I don't use conditioner.


----------



## itzmeigh (Apr 28, 2014)

It isn't dog stuff but I've had really good results with the Aussie brand shampoo and conditioner for people. http://m.aussie.com/en-US?utm_sourc...ent=s04GSYXhj|dm_33376542752_e_aussie shampoo I don't know if you have access to that brand. I've been using the "Family" line on Hazel and it has been doing a great job at keeping her fluffy and tangle free. 

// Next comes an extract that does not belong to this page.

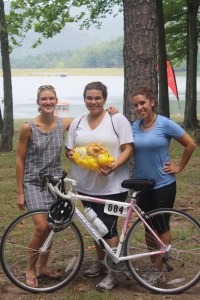 • The swim leg of the triathlon is even more of a paradox than I’d previously realized. From a swimmer’s perspective, it is SO SHORT! When my teammates and I figured out how long each of our legs would be, I almost felt embarrassed that my contribution was a piddly 25-minute swim. Other swimmers at the start agreed, and we joked about how lazy and/or brilliant we were for choosing the short, easy part. But if you’re not a swimmer, a 1,500-meter swim through a lake can be truly terrifying. The only solution I can see: If any triathletes out there would like to outsource that portion of the race, I’m available for those services …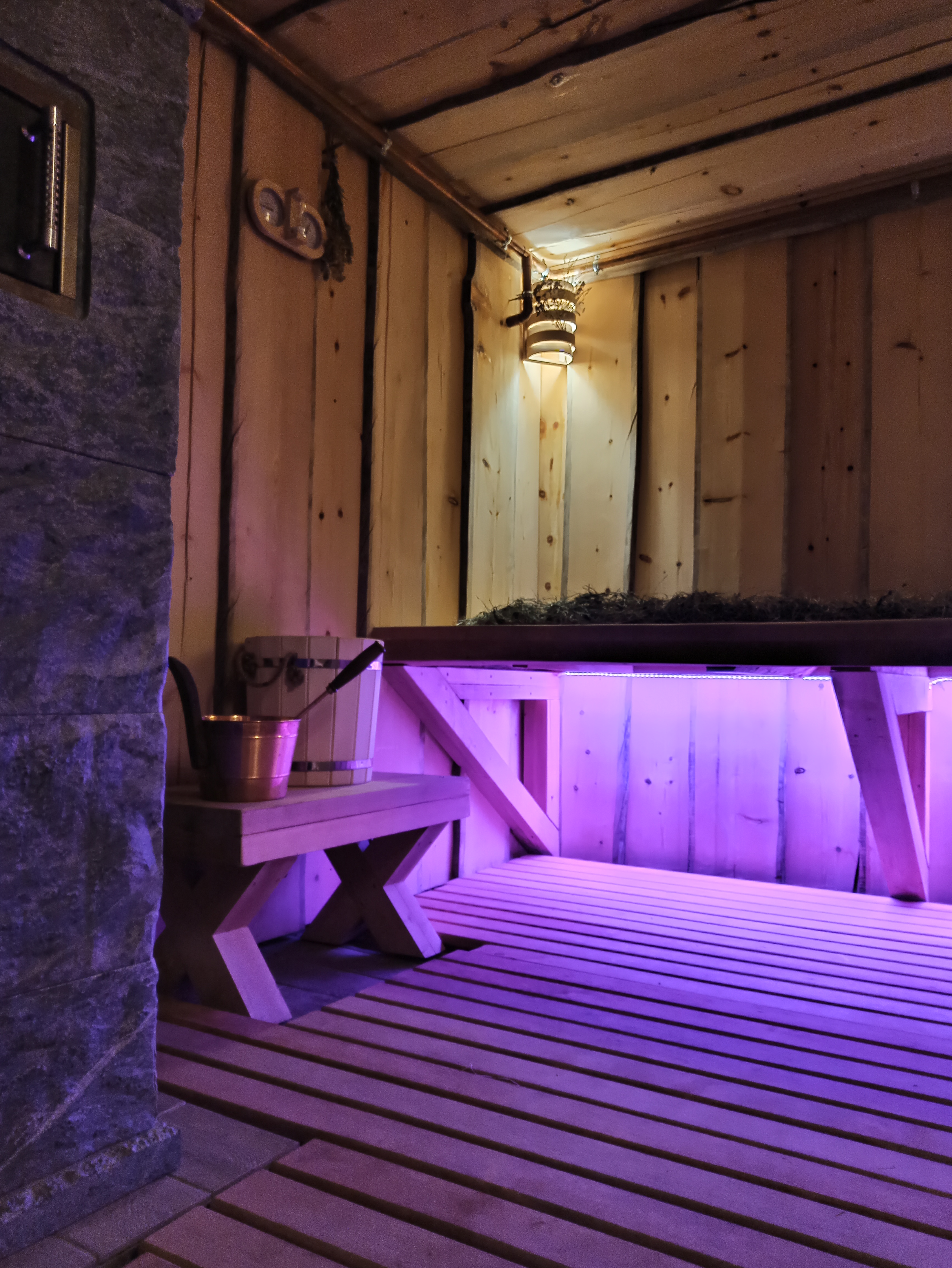Главное отличие — в микроклимате: в сауне поддерживается высокая температура при низкой влажности, а в хаммаме — мягкое тепло при 100% влажности. Также они различаются материалами: сауна чаще всего отделывается деревом, а хаммам — камнем, плиткой или мозаикой.

I wash her first with just a round of Dawn brand dish soap to cut through the grime and oils and then I shampoo and condition with the Aussie stuff and I've been very happy with the outcome so far.


----------



## PoodlenPrada (Aug 13, 2014)

I used to use Isle of dogs on my Lhasa and loved it, but after reading another post here on the forum and heard some members talk about Pantene color preserve volume shampoo & conditioner I tried it when I got my poo puppy, and it works great. I dilute both about 6:1 (6 parts water/1 part product)


----------



## MollyMuiMa (Oct 13, 2012)

I also use Pantene (Classic formula) diluted of course!


----------



## Jammster (Jan 11, 2014)

I was always under the impression that you had to use dog shampoo because of the ph level? Am I wrong


----------



## MollyMuiMa (Oct 13, 2012)

Google ....A Study of the pH of Pet & Human Shampoo by Barbara Bird
Very informative!!! Her BBird Groom Blog is excellent!


----------



## Jammster (Jan 11, 2014)

MollyMuiMa said:


> Google ....A Study of the pH of Pet & Human Shampoo by Barbara Bird
> Very informative!!! Her BBird Groom Blog is excellent!


 Thanks. Just read it. Very interesting :blush:


----------



## Khaleesiandthepoms (Feb 25, 2014)

For coat change the HUGEST lifesaver has been the Bark to Basics Greek Yogurt shampoo and conditioner, I dilute the conditioner and use as a leave in and I don't have to brush for 8-10 days and her coat isn't tacky or greasy after. Thank goodness because Khaleesi's hair is nearing half a foot and she smells soooooooooo good for nearly 2 weeks.


----------



## Jammster (Jan 11, 2014)

Khaleesiandthepoms said:


> For coat change the HUGEST lifesaver has been the Bark to Basics Greek Yogurt shampoo and conditioner, I dilute the conditioner and use as a leave in and I don't have to brush for 8-10 days and her coat isn't tacky or greasy after. Thank goodness because Khaleesi's hair is nearing half a foot and she smells soooooooooo good for nearly 2 weeks.


Just Googled it but can't sell top find anywhere that sells it in the UK. I am sad now as it sound s really good and I can imagine it smells lovely to


----------



## Khaleesiandthepoms (Feb 25, 2014)

Jammster said:


> Just Googled it but can't sell top find anywhere that sells it in the UK. I am sad now as it sound s really good and I can imagine it smells lovely to


I get it from Groomer's Choice and I believe they ship outside the US, hope that helps  Bark 2 Basics Blueberry Greek Yogurt Shampoo Gallon-Groomer's Choice


----------



## princesspenny (Feb 16, 2015)

nice...i want to keep penny in a long coat maybe ill try this...is the smell the only difference between the greek ones? pomegranate sounds good.


----------